What you are asking for is called Arcball rotation. Quaternions are the easy solution only if you understand how they work. You can achieve the same without quaternions however.
Do you know how to rotate objects in general? Let's say you have an object at the origin. Do you know how you rotate it (hint: multiply by some rotation matrix)? If yes, then I am assuming you know what will happen if you translate the object first and then rotate it?
You must know how to calculate a rotation matrix from angle-axis (easy as pie, look at the myriad of equations online, a lot of them give you the code as well)
- Get the camera's up and right vectors. Note that they should be normalized.
- Get the vector from the focus point to the camera (camPosition - Focus). This is the vector that you are going to be rotating. Let's call this camFocusVector.

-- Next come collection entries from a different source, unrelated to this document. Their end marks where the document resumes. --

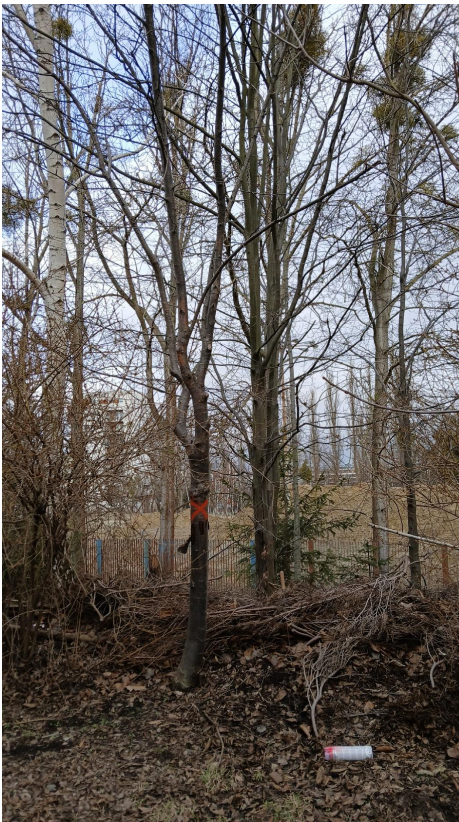
Drzewo nr 2 według numeracji z tabeli pkt nr 3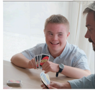
JE VAIS GAGNER !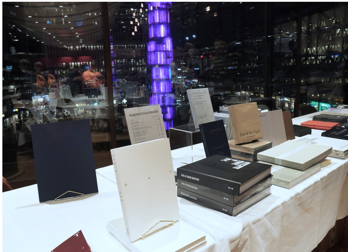
Fotoboksfestivalen på Kulturhuset Stadsteatern

Fotoboken har en egen estetisk uttrycksskärpa vad gäller innehåll, material och typografi. I flera fall intar fotoboken en politisk ståndpunkt som försvarar utbildning, ansvar, ekologi, mångfald och social rättvisa. Vi tror att en bok kan förändra livets gång och vara en mellanhand för konst, idéer och historia.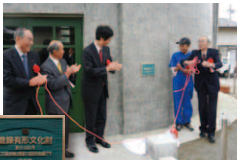
● 11月3日 総合文化センター駐車場 さらに立派になった 水道の塔！

東日本大震災で燕市に避難されていた皆さんと、ボランティアの皆さんが南相馬市で再会し、思い出話に花を咲かせていました。この絆を大事に育てていきたいですね。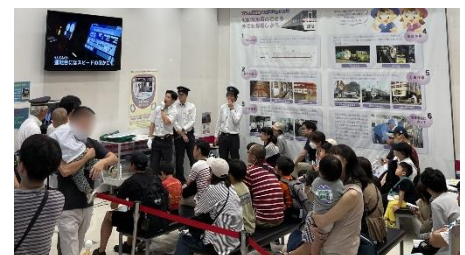
《安全教室（イメージ）》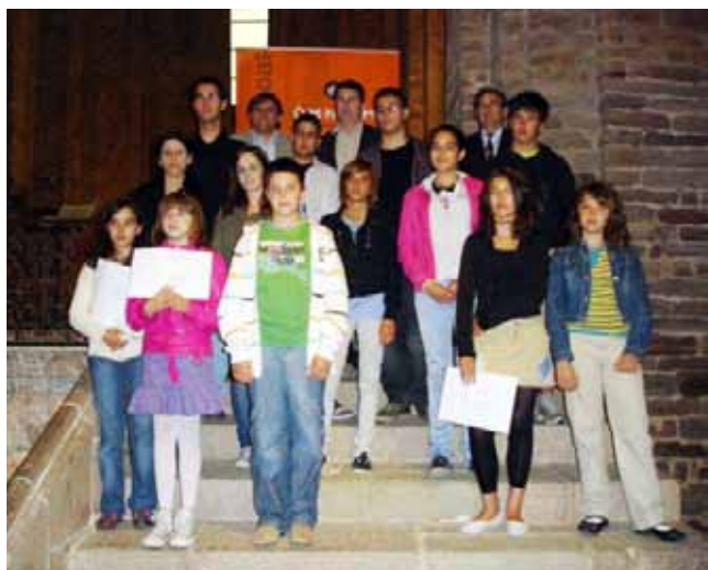
Fotografia de grup amb els alumnes premiats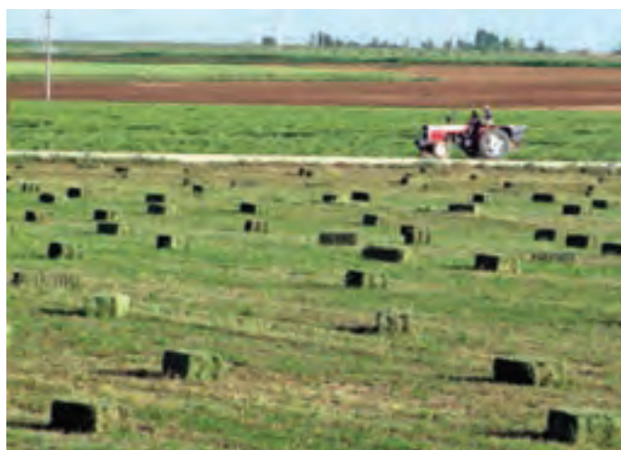
شکل ۳۰-۵ تولید علوفه یکی از توان‌های بخش کشاورزی استان

فرآورده‌های دامی استان: فرآورده‌های دامی مانند: گوشت قرمز، شیر، پنیر، و محصولات فرعی نظیر چرم و پوست، موهر و کُرک از جمله محصولات مهم استان به شمار می‌روند. کُرک بز مرخز کردستان بسیار مرغوب است و در تولید انواع لباس و صنایع دیگر از آن استفاده می‌شود. بز مرخز که خاستگاه آن استان کردستان است، شهرت جهانی دارد. یکی دیگر از دام‌های اصیل استان کردستان، اسب کُردی است.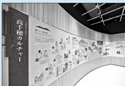
高千穂カルチャー 高千穂に伝わる神話や歴史など 人と文化に関わるエピソードを紹介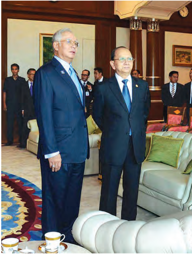
ထားကြောင်း သိရသည်။

မြန်မာနိုင်ငံရှိ နိုင်ငံခြားရင်းနှီး မြှုပ်နှံမှုများတွင် မလေးရှားနိုင်ငံသည် အဆင့် (၇)တွင်ရှိပြီး ၂၀၁၄ ခုနှစ် ဒီဇင်ဘာလကုန်အထိ လုပ်ငန်းပေါင်း ၅၀ တွင် အမေရိကန်ဒေါ်လာ ၁ ဒသမ ၆ ဘီလီယံကျော် ရင်းနှီးမြှုပ်နှံ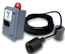
RSK nr. 563 2673

En nivåvipa styr larmenheten. Vid larmsignal avger BLS enheten både ljud och ljuslarm. Nätanslutning.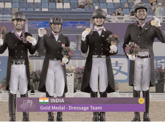
हंगकॉन्ग, 26 सितंबर (एजेंसियों)। भारत ने चार स्वर्णों के अलावा एक ब्रॉन्ज और एक रजत पदक जीता। भारतीय टीम में स्वर्ण पदक जीतने वाली एशियाई महिलाएं हैं।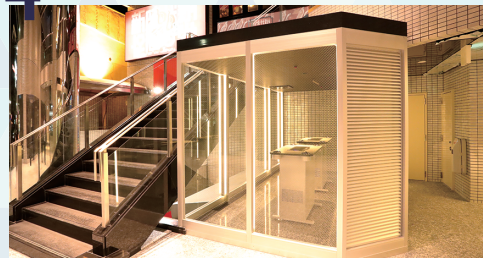
愛煙家も安心の喫煙ルーム

お店もおタバコも、どちらも気軽に楽しめるよう 独立した衛生的な喫煙ルームを設置しました。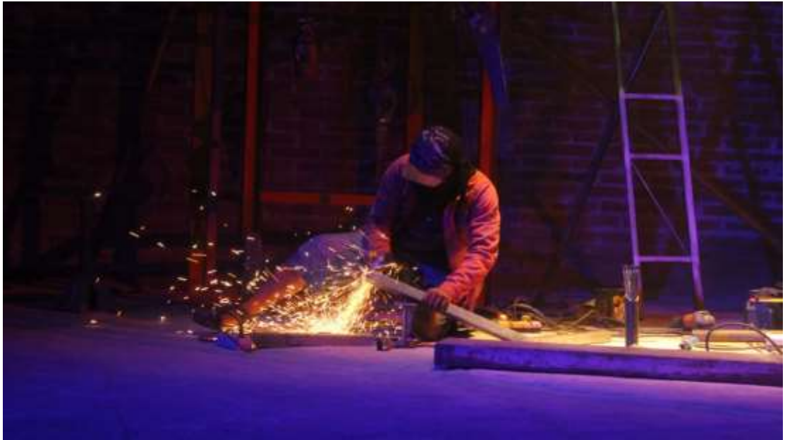
Gambar 22. Proses Pengelasan dalam Pembuatan Kursi di Ruang 4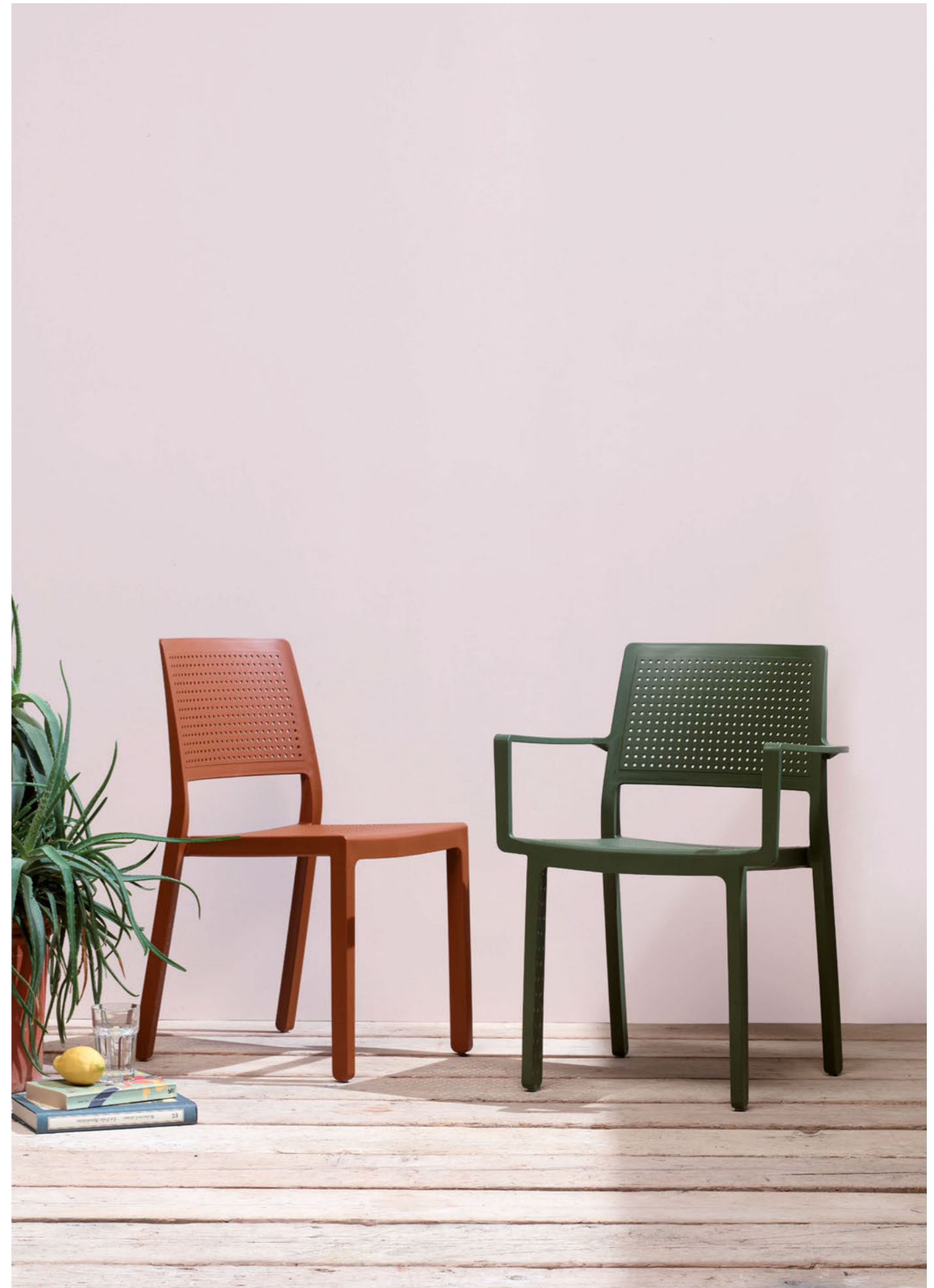
Stackable armchair Poltrona impilabile Emi, art. 2342 Stackable chair Sedia impilabile Emi, art. 2343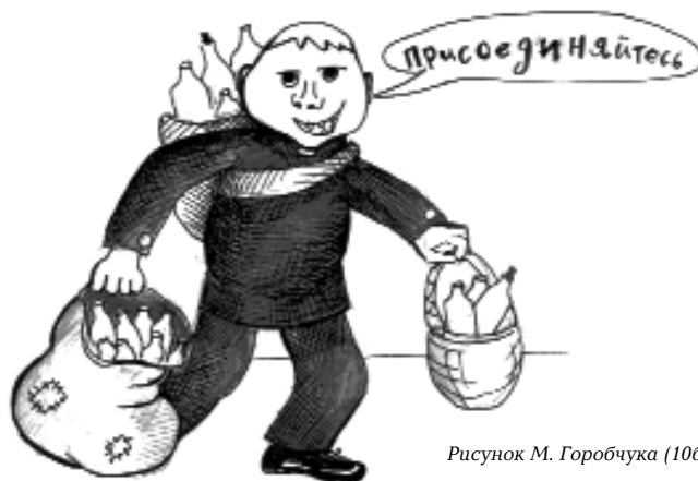
Рисунок М. Горбчука (10б)

Так как наша школа для каждого является вторым домом, то преобразования, направленные на развитие Плесково, нам кажутся, важны всем. Поэтому надеемся на помощь всех плесковцев и будем рады видеть вас в наших рядах.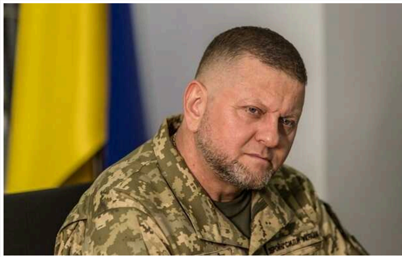
Вашингтон чинив тиск на Київ із метою усунення Залужного

Про це пише швейцарська газета Le Temps із посиланням на джерело в Мініборони України.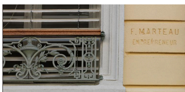
Détail : signature de l'entrepreneur, dans l'angle sud de la façade au premier étage IVR84_20176900457NUCA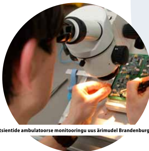
Patsientide ambulatoorse monitooringu uus ärimudel Brandenburgis, Saksamaal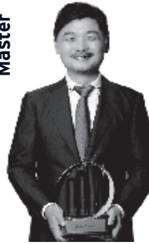
김범수 카카오 의장 Beom Su Kim Chairman of Kakao Corp.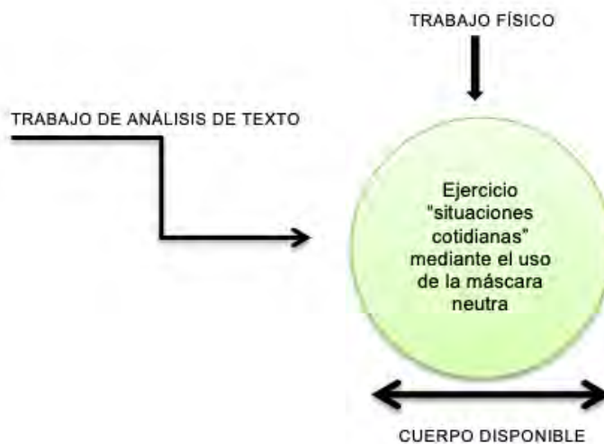
Figura 9. Idea del ejercicio

qué tipo de relación/vínculo manejaron los personajes en esa situación específica, qué características envolvían ese momento en particular, cómo se comportaba el personaje y demás particularidades del momento que exploraron.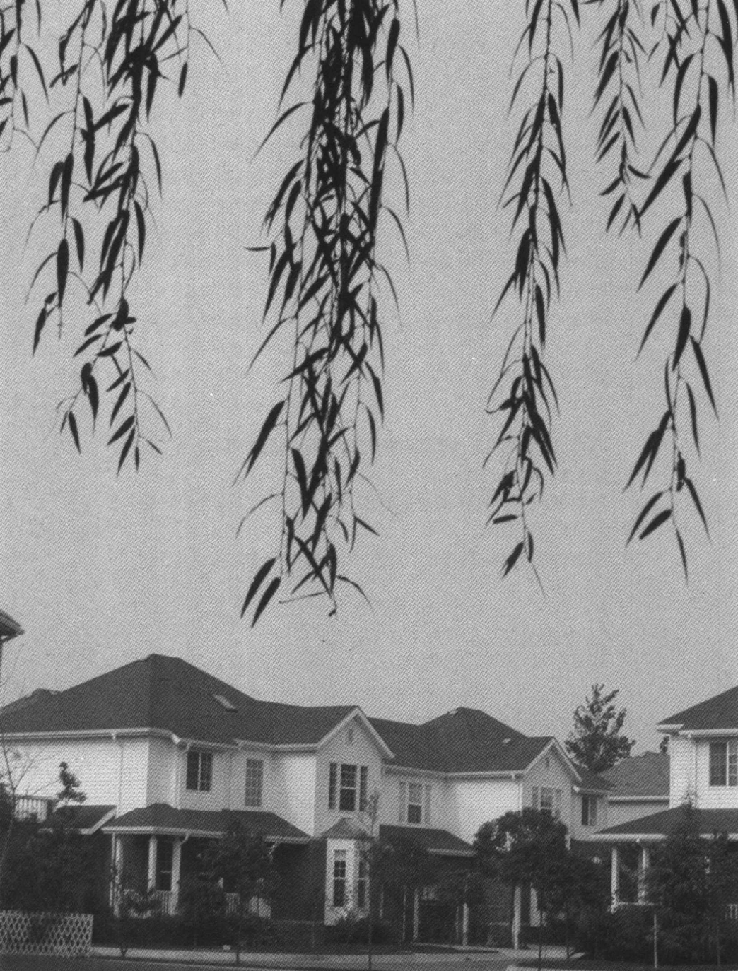
德胜(苏州)洋楼有限公司所在地波特兰小街一角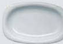
PLATÓN RECTANGULAR RECTANGULAR PLATE DEPR29 (29 cm.) DEPR34 (34 cm.) DEPR39 (39 cm.)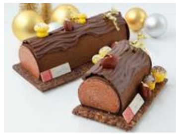
ビュッシュ・ショコラ・エキゾチック

<ラ・メゾン アンソレイユターブル『タルト・フリーズ』> ランドマークプラザ1階/カフェ・レストラン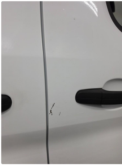
1.1 Noen riper og bruksmerker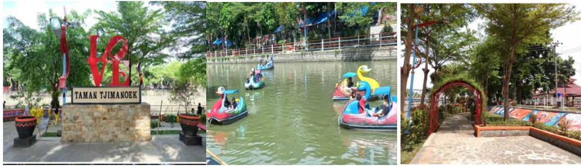
Gambar 1. Beberapa area wisata Taman Tjimanoeik

Taman Tjimanoeik Indramayu sebenarnya telah dibangun oleh Pemerintah Daerah Kabupaten Indramayu sejak tahun 2014, dan pada tahun 2021 dilakukan renovasi dan penambahan fasilitas berupa arena bermain anak, penanaman bunga-bunga, dan area foto tiga dimensi berlatar lukisan mural dan sejarah kota Indramayu maupun kali Tjimanoeik sendiri yang pernah menjadi pelabuhan terbesar kedua setelah Sunda Kelapa pada masa penjajahan Belanda. Taman Tjimanoeik memiliki potensi sebagai pusat wisata keluarga dan eduwisata untuk masyarakat Indramayu dan sekitarnya, (Kholil et al. 2021).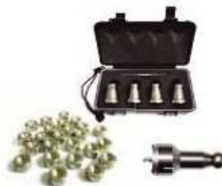
Rozwiązania do rozszerzenia zakresu pomiarowego i sondy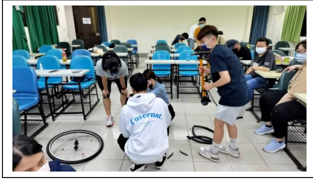
自行車保養與維修的分組練習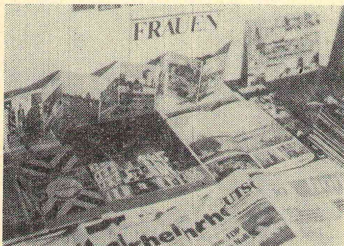
Фрагмент стенда «Путешествие по ФРГ».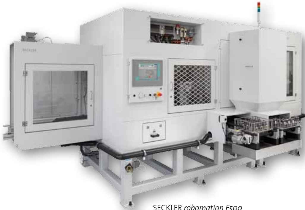
SECKLER robomation F500

Falls Sie noch höhere Traglasten bzw. eine längere Reichweite benötigen steht Ihnen unsere robomation 500 zur Verfügung.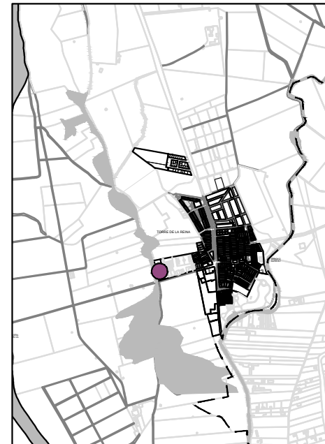
SITUACIÓN TORRE DE LA REINA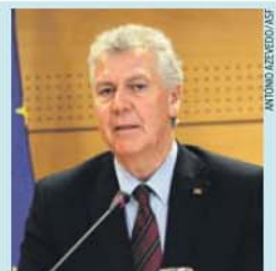
Marques Guedes, ministro da Presidência

operacional. Por isso, esta solução é para permitir que não esperemos pelo programa e a Segurança Social se substitua na despesa», explicou o governante. Desta forma, a autorização deverá «garantir a manutenção do apoio alimentar» atribuído pelo FEAD e impedir «perturbações no fornecimento de ajuda». O FEAD vai estar em vigor até 2020.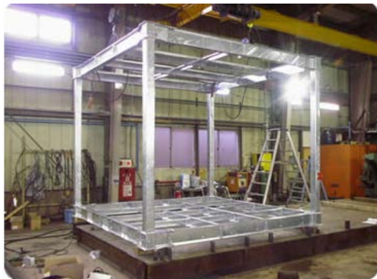
費用：メーカーにお問い合わせください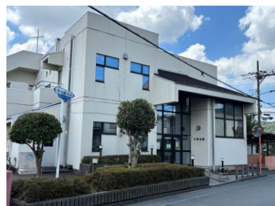
■地域集会施設川崎会館

7月8日開催の町内会連合会会議において、市から「将来にわたり厳しい財政状況が予測されることから、公共施設を見直し・統廃合する構想がある」との説明があり、現在、市内に23カ所ある地域集会施設(会館)を10カ所に縮小していくとの案が示されました。川崎地区においても、川崎東・西、上水通り地区に1カ所とする計画となっています。地域集会施設の統廃合は、令和13年度から17年度までを当面の実施時期とする予定であるとのことでした。既存の会館が廃止となる町内会・自治会もあることから、大きな影響があります。今後、町内会連合会として検討、対応を図っていくこととなりました。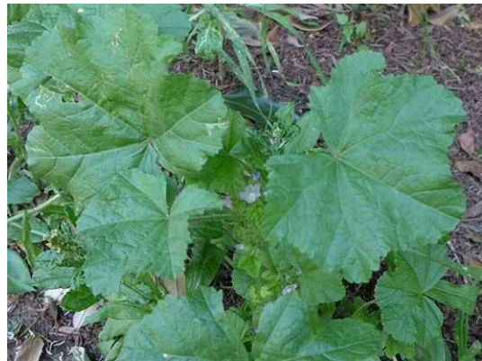
ミナミフランスアオイ (R1年5月23日 南長崎はらっぱ公園)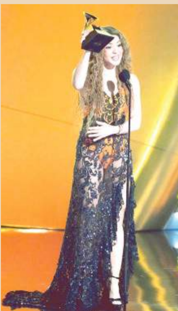
Shakira regresa al escenario de los Grammy y gana premio.

En esta edición, se llevó el galardón en la categoría 'Mejor álbum pop la-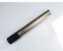
SV50/50ST 1x raccord droit 50mm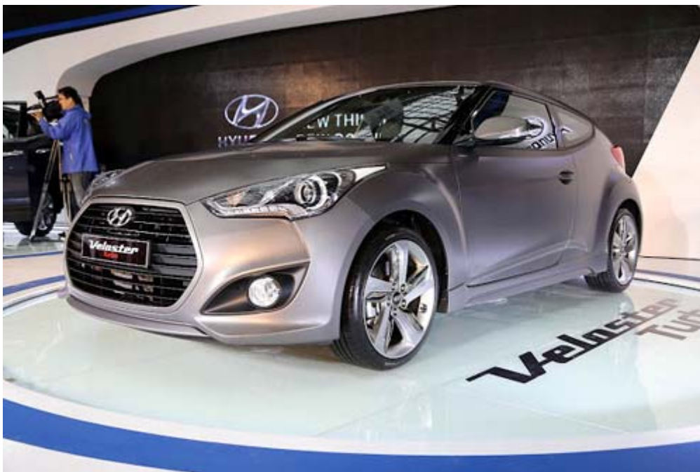
個性鋼砲 Hyundai Veloster Turbo，四缸 1.6L GDI 引擎，最大馬力 208 HP ( 6,000 rpm)，最大扭力 195 lbs-ft (1,600 rpm ~ 5,000 rpm)

- Decide how much you want to rotate in yaw/pitch in relation to the camera
- Create two rotation matrices. The 1st rotation matrix will use the up of the camera as the axis and yaw angle that you decided. The 2nd rotation matrix will use the right of the camera as the axis and pitch angle that you decided.
- Now rotate the camFocusVector with the new rotation matrices. This is now your new position of the camera relative to the origin. We of course, want it to be relative to the focus point...
- Add the focus point position to camFocusVector. This is now your camera's new position. Translate your camera accordingly.
- Finally, ask the camera to focus on the focus point by calling your lookAt() function
You will have to lookout for certain cases or singularities at which your camera will stop working. Looking straight down/up for example. I will let you figure out how to deal with those.
EDIT1: How to recalculate the orthonormal vectors of the camera
You already know the direction of the camera ( (cameraPos - focusPoint).normalize() ). Now assume that your camera's up is +Y (or w/e your world's current up axis is... that is up to you). Now simply cross the direction with the up to get the right. Done? Nope! Your up vector is no longer orthogonal to the other two. To fix that, cross right with direction and you get your new up.
Note that the Gram-Schmidt is really what should be used to orthonormalize vectors.
Again, take a note of the caveats as this will fail to work in some cases (direction is parallel to up for example).